DNC Goes All In: Takes On Birthers, Conservative "Mob" In New Web Ad

DNC Goes All In: Takes On Birthers, Conservative "Mob" In New Web Ad

The Democratic National Committee released a notably aggressive web ad on Tuesday evening, accusing the Republican Party of being taken over by an angry mob of "birther" conspiracy theorists and disgruntled partisans.

The spot, titled "Enough of the Mob," is as engaged as the Democratic Party has been to date with what its own leadership has deemed a fringe element of the GOP. But, with boisterous protests routinely interrupting Democratic town hall events and dominating news coverage, one DNC official put it succinctly: "We aren't going to back down from this shit."

The spot is a minute long. And the DNC official didn't rule it being pared down to air on television. It includes a veritable greatest hits list of conservative attacks on Obama, looping it all together to make the case that "the right wing extremist Republican base" has overrun the GOP.

"They lost the election. They lost on the Recovery Act, the budget and children's health care," the script reads. "They've lost the confidence of the American people after eight years of failed policies that ruined our economy and cost millions of jobs."
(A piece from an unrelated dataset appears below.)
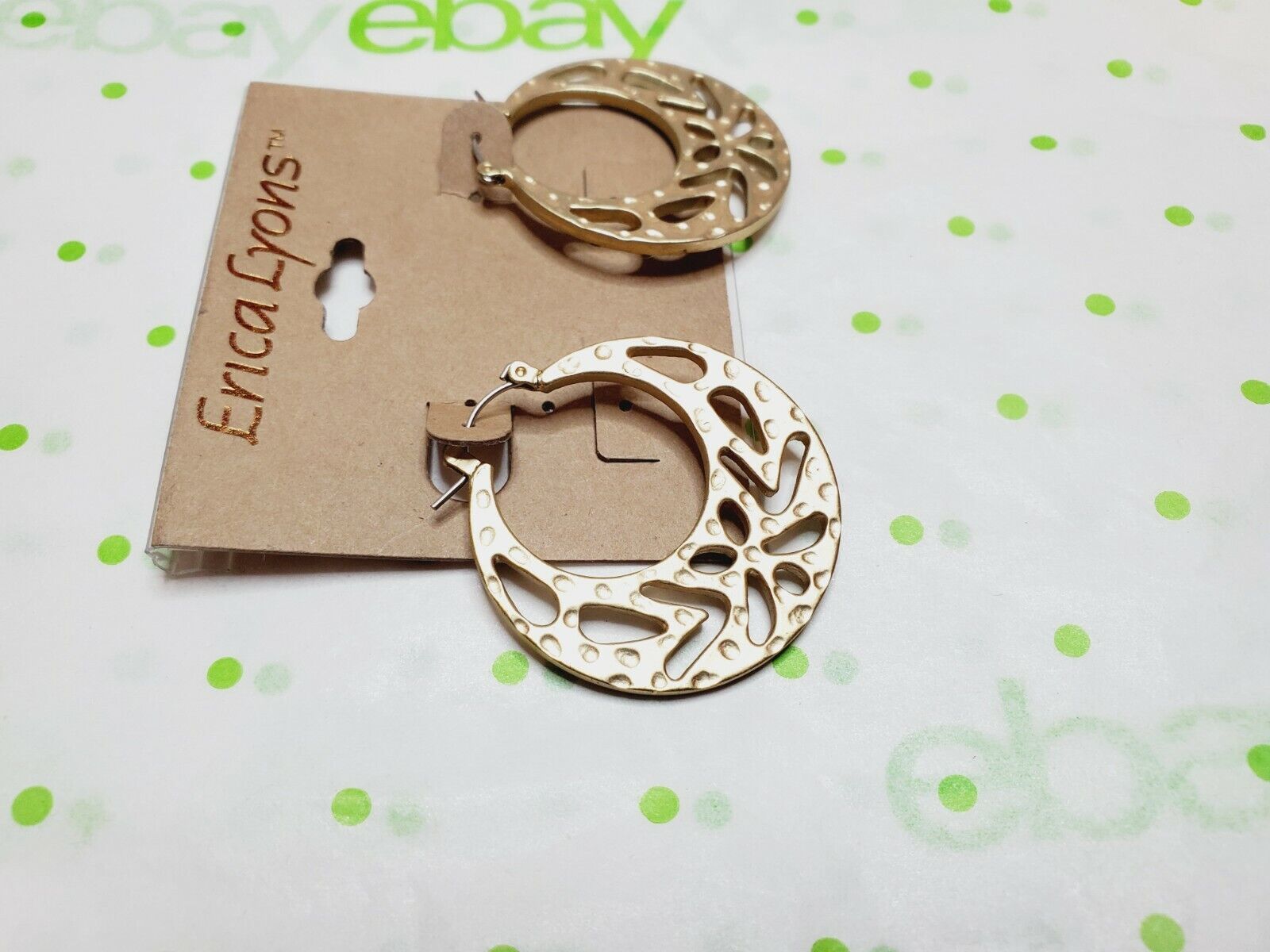Erica Lyons Gold Tone Drop Earrings Hammered With Cutout Detail Saddle Back

"Now, desperate Republicans and their well-funded allies are organizing angry mobs - just like they did during the election. Their goal? Destroy President Obama and stop the change Americans voted for overwhelmingly in November."

The spot reflects the strategy employed by Democrats in the wake of recent disruptions at local town halls: to conflate multiple fringe elements and issues of the Republican Party with conservative opposition to the president's health care reform agenda. Though, in the case of the DNC ad, health care is hardly mentioned.

Perhaps more telling is how quickly the DNC and the Obama White House have moved to turn the anger of the crowds into a rallying point for proponents of reform. Throughout the afternoon on Tuesday, the DNC was alerting reporters to particularly outrageous moments at various town hall gatherings; notably protesters who made jokes at an event in Connecticut about Sen. Chris Dodd's (D-Conn.) newly diagnosed prostate cancer.

There is, of course, a template for this. During the late stages of the 2008 election, the Obama campaign effectively used the most inflammatory moments at rallies for Sen. John McCain, (R-Arizona) and Sarah Palin to define the Republican ticket.